Il marito e l'amministratore di sostegno di una donna ricoverata in una Rsa toscana si erano rivolti al tribunale, ritenendo che la paziente dovesse essere a carico del Servizio sanitario regionale, vista la necessità di prestazioni ad elevata integrazione sanitaria. La sentenza è a loro favore: saranno rimborsati
Il paziente con Alzheimer in Rsa non deve pagare la retta, quando le prestazioni fornite siano “ad elevata integrazione sanitaria”: è quanto ha stabilito il tribunale di Firenze, dando ragione al marito di una donna con Alzheimer, ricoverata presso una struttura toscana convenzionata. Secondo il Tribunale di Firenze, al quale il marito a l'amministratore di sostegno si erano rivolti, la retta è interamente a carico del servizio sanitario regionale, quando le prestazioni erogate siano, appunto, ad elevata integrazione sanitaria.

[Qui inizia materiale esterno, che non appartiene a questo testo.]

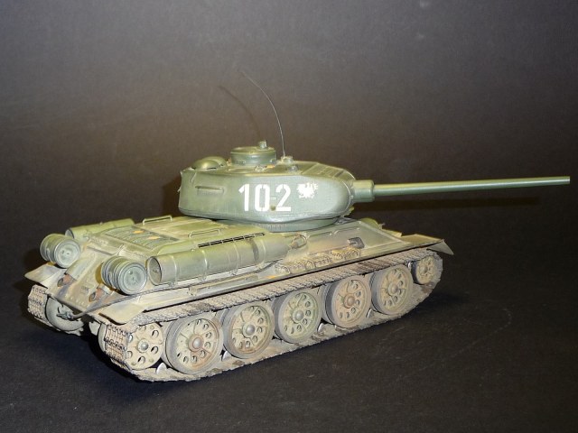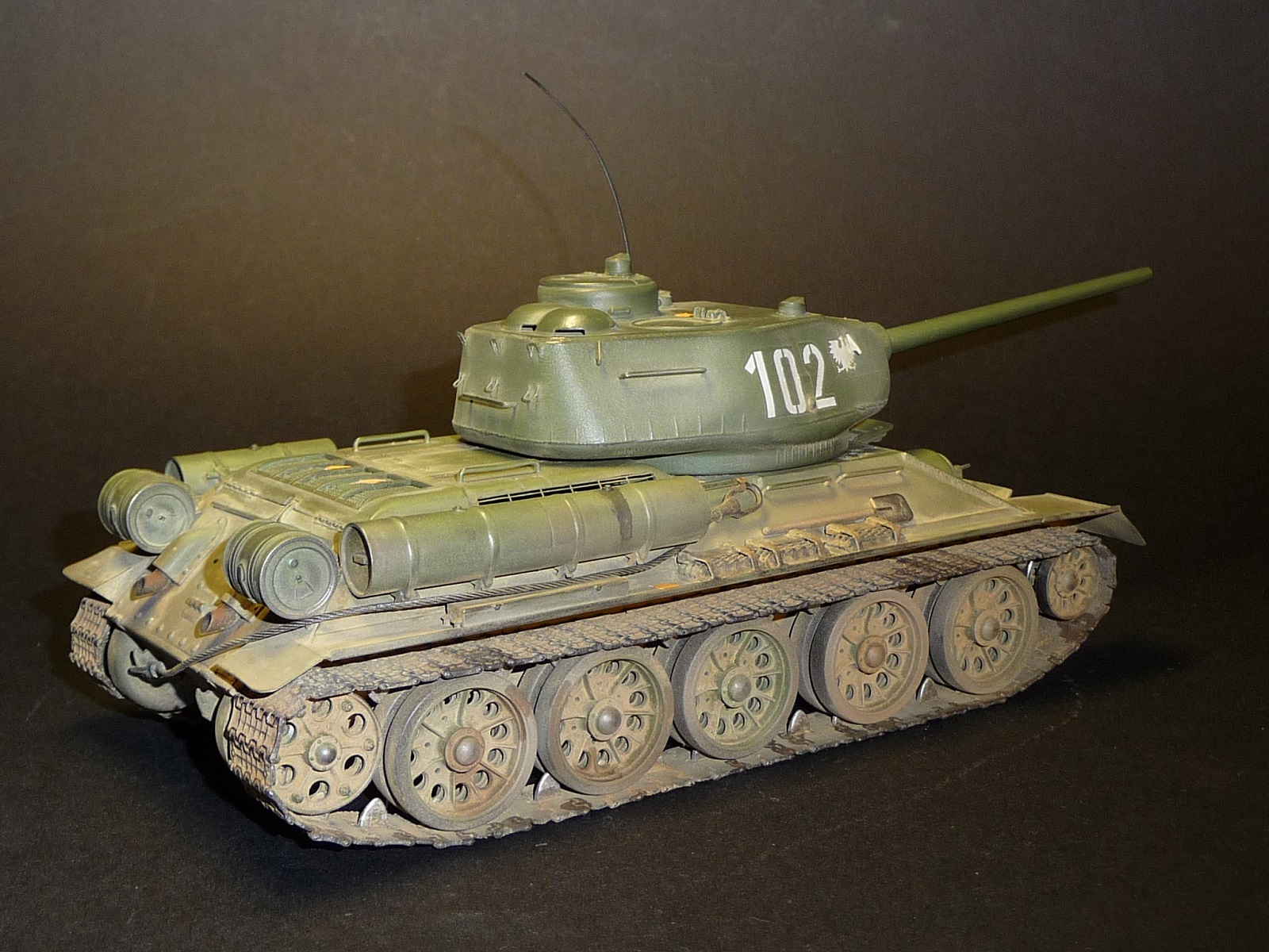 Из дополнений ставил тросы EUREKA XXL, Фару ELF, точеный ствол ABER. Заменил передние крылья и командирскую башенку на поздний вариант выпуска 1945г.

Nel corso del giudizio era stato nominato un consulente tecnico, il quale ha accertato che la paziente necessita di questa tipologia di prestazioni, erogate dalla Rsa e dai suoi sanitari. Il Tribunale, con sentenza del 15 febbraio 2023, ha dichiarato che nulla era ed è dovuto dalla paziente e da suo marito per il suo ricovero presso la Rsa toscana, visto che la retta, passata e futura, è a carico del Servizio Sanitario Regionale. Il tribunale ha quindi condannato l’Azienda Usl Toscana Centro e l’Rsa, per quanto di rispettiva competenza, alla restituzione di 86.016,28 euro a favore del marito della paziente e al pagamento in via solidale delle spese legali.
Secondo Giovanni Franchi, il legale di Konsumer che ha seguito la causa, è questa una sentenza importantissima, che si è uniformata alla costante giurisprudenza in materia: nulla può essere chiesto a coniugi, figli o nipoti di persone con demenza e Alzheimer, ricoverate presso Rsa. E se le spese sono spontaneamente pagate da soggetti non obbligati, le stesse sono a carico del Servizio sanitario e vanno rimborsate.